Another tool we often point out to people is the "FileTest" utility. It allows you to exercise uncommon operations like "open by file ID" that can be difficult to simulate with an off-the-shelf program, but need to work properly within your filter driver.

I/O Stress can be useful for finding issues in your I/O handling paths. Driver Verifier is a must - if you aren't using it during development and part of your testing, you aren't doing a good job. However, you must also test without Driver Verifier enabled. We've even seen cases where Driver Verifier has tests that only trigger on single processor computers!

At OSR, we have our own testing framework - it's a scripting language that is built against the native API and allows us to trivially write scripts that can test the native windows API. If you restrict yourself to the Win32 API, your tests will definitely be deficient, since it is a subset of the functionality in the native API.

Finally, don't forget to test via the network - but this time, with the file SERVER running over your filter.

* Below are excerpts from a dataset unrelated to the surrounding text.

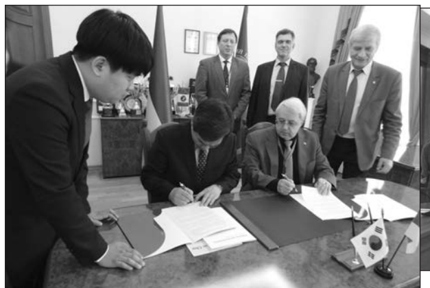
Підписання угоди з Інститутом розвитку інтелекту (Південна Корея)

Але на шляху до більшої мобільності студентів існує ще багато перешкод – від визнання на батьківщині отриманих знань і кваліфікації до фінансової підтримки, плати за навчання і професійних перспектив. Мовний бар'єр і економічні відмінності також упливають на мобільність. Зважаючи на ці причини, більшість студентів усе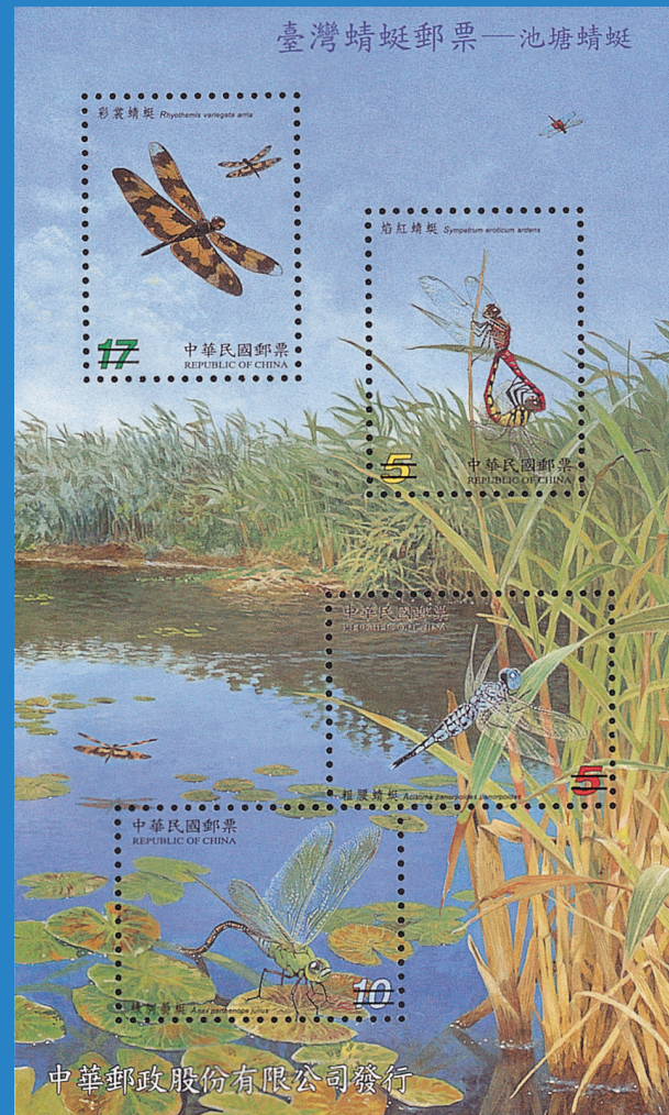
12.臺灣蜻蜓郵票—池塘蜻蜓 Taiwan Dragonflies Postage Stamps – Pond Dragonflies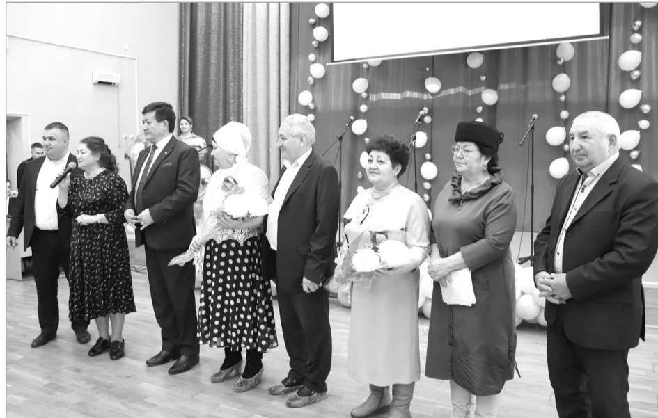
■ Группа выпускников школы.

– Еще недавно мы торжественно и радостно отмечали 100-летие школы.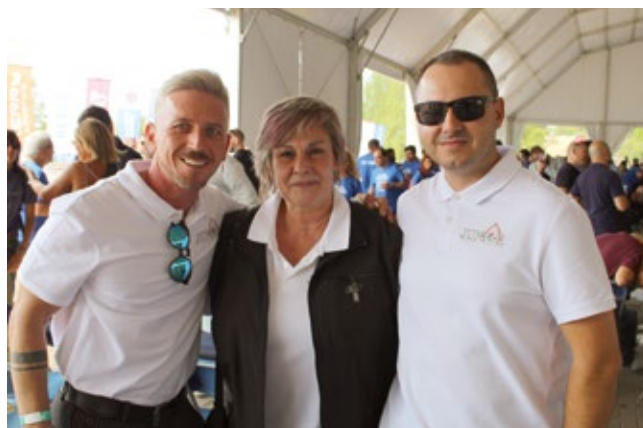
JUNIOR FREIGHT FORWARDING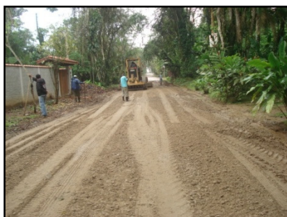
Máquinas da Prefeitura trabalham na Rua 19

Again, you will see different behavior. For example, the SL_INDEX_SPECIFIED option that is used for directory enumeration is difficult to trigger - but does show up with some versions of the Windows file server software. Naturally, this is exercised when you access files over the network. Oh, and lest you missed this fact, you now (beginning with Server 2003) need to test between machines - loopback mode has been optimized out so that it bypasses the normal client/server model (allegedly there is a registry parameter to disable this functionality, but usually we find it easier to simply tell test organizations to use two computers, since that's going to be the most common configuration "in the field").

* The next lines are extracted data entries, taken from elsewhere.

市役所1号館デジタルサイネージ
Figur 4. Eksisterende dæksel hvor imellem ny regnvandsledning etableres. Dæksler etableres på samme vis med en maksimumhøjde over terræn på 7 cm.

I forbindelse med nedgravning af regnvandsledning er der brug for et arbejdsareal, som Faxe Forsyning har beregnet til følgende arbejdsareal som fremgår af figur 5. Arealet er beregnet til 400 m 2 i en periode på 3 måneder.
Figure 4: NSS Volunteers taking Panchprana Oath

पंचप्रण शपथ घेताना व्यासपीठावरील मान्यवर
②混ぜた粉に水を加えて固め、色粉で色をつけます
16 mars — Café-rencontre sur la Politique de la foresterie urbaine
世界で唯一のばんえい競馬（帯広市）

For anyone working with file system filter drivers should always plan on attending the periodic 'Plugfest' that Microsoft sponsors to aid interoperability. While the opportunity to do direct developer-to-developer interop testing is invaluable, the contacts - both Microsoft and third party vendors - are often more valuable. The events are sponsored by the file systems filtering team at Microsoft and are done directly at the Microsoft main campus. These events are publicized in a variety of ways, including via OSR's well regarded NTFSD mailing list, a highly technical discussion group talking about the development of file systems and file system filter drivers for Windows."

File system filter drivers are the most complicated type of filter driver to write on Windows; deceptively, they span a very broad range, from "simplistic" (a surprising number of examples fall into this category) to "more complicated than a file system driver". There are many reasons for this and we've tried to touch on some of them. But if you are building a file system filter driver because you think it will be "simpler" than a file system driver, you are likely to be unpleasantly surprised.

If you can achieve your functionality without a filter driver, we would suggest doing it in that way. A real filter driver is truly a challenge to build.